• [Assignment]: Could you copy exactly the lines below, beginning at the line with "Direct high frequency boosts" and stopping after the line with "Jakarta Pusat —", with no pictures?

• [Recorded information]:

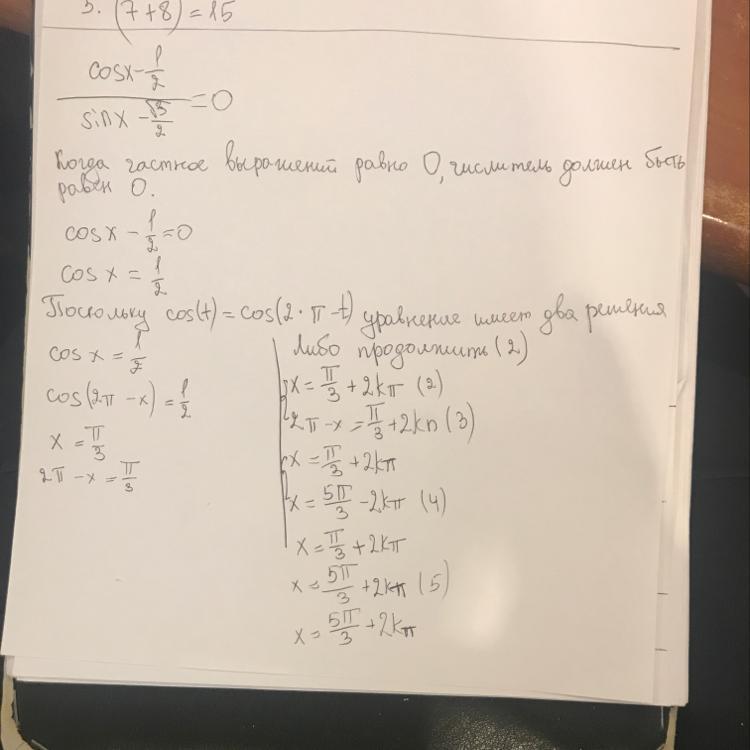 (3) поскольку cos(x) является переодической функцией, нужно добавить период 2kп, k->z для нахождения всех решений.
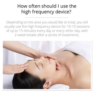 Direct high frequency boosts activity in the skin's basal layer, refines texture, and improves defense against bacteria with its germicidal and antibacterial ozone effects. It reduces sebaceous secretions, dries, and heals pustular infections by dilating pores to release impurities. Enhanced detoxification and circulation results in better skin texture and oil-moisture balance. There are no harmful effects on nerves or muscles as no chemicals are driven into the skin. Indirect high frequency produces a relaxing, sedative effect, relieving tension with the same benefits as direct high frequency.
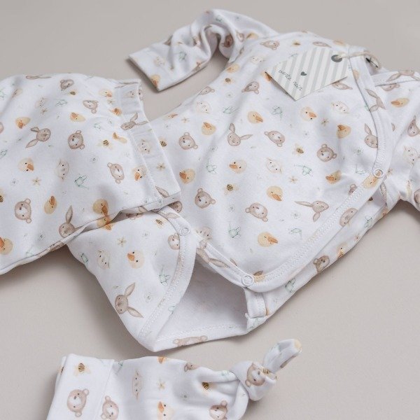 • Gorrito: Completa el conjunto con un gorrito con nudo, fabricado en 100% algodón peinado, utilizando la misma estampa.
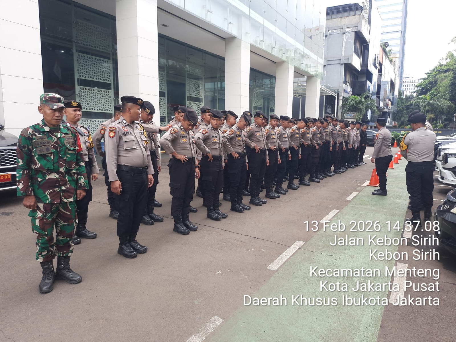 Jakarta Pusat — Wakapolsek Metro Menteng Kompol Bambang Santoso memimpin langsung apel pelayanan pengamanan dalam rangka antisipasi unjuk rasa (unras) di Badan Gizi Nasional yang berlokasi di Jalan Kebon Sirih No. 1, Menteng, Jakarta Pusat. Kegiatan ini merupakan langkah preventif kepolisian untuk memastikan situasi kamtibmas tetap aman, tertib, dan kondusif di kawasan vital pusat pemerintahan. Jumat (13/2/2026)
---
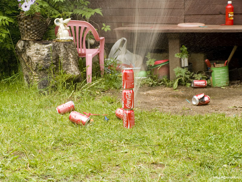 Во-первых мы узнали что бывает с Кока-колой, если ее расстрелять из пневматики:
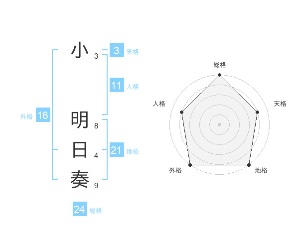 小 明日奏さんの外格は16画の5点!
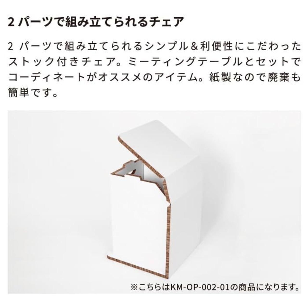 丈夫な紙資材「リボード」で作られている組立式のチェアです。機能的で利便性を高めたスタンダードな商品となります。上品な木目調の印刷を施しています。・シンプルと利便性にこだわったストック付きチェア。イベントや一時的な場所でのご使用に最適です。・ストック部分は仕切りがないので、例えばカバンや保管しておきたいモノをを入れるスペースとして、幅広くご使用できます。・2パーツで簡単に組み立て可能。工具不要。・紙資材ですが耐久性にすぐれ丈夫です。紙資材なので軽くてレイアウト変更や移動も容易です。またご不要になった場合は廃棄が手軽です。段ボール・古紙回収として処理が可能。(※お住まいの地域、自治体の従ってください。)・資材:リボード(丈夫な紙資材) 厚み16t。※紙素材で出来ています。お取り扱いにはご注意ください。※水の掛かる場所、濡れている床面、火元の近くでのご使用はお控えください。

• [The completed task]:
 Direct high frequency boosts activity in the skin's basal layer, refines texture, and improves defense against bacteria with its germicidal and antibacterial ozone effects. It reduces sebaceous secretions, dries, and heals pustular infections by dilating pores to release impurities. Enhanced detoxification and circulation results in better skin texture and oil-moisture balance. There are no harmful effects on nerves or muscles as no chemicals are driven into the skin. Indirect high frequency produces a relaxing, sedative effect, relieving tension with the same benefits as direct high frequency.
 • Gorrito: Completa el conjunto con un gorrito con nudo, fabricado en 100% algodón peinado, utilizando la misma estampa.
 Jakarta Pusat — Wakapolsek Metro Menteng Kompol Bambang Santoso memimpin langsung apel pelayanan pengamanan dalam rangka antisipasi unjuk rasa (unras) di Badan Gizi Nasional yang berlokasi di Jalan Kebon Sirih No. 1, Menteng, Jakarta Pusat. Kegiatan ini merupakan langkah preventif kepolisian untuk memastikan situasi kamtibmas tetap aman, tertib, dan kondusif di kawasan vital pusat pemerintahan. Jumat (13/2/2026)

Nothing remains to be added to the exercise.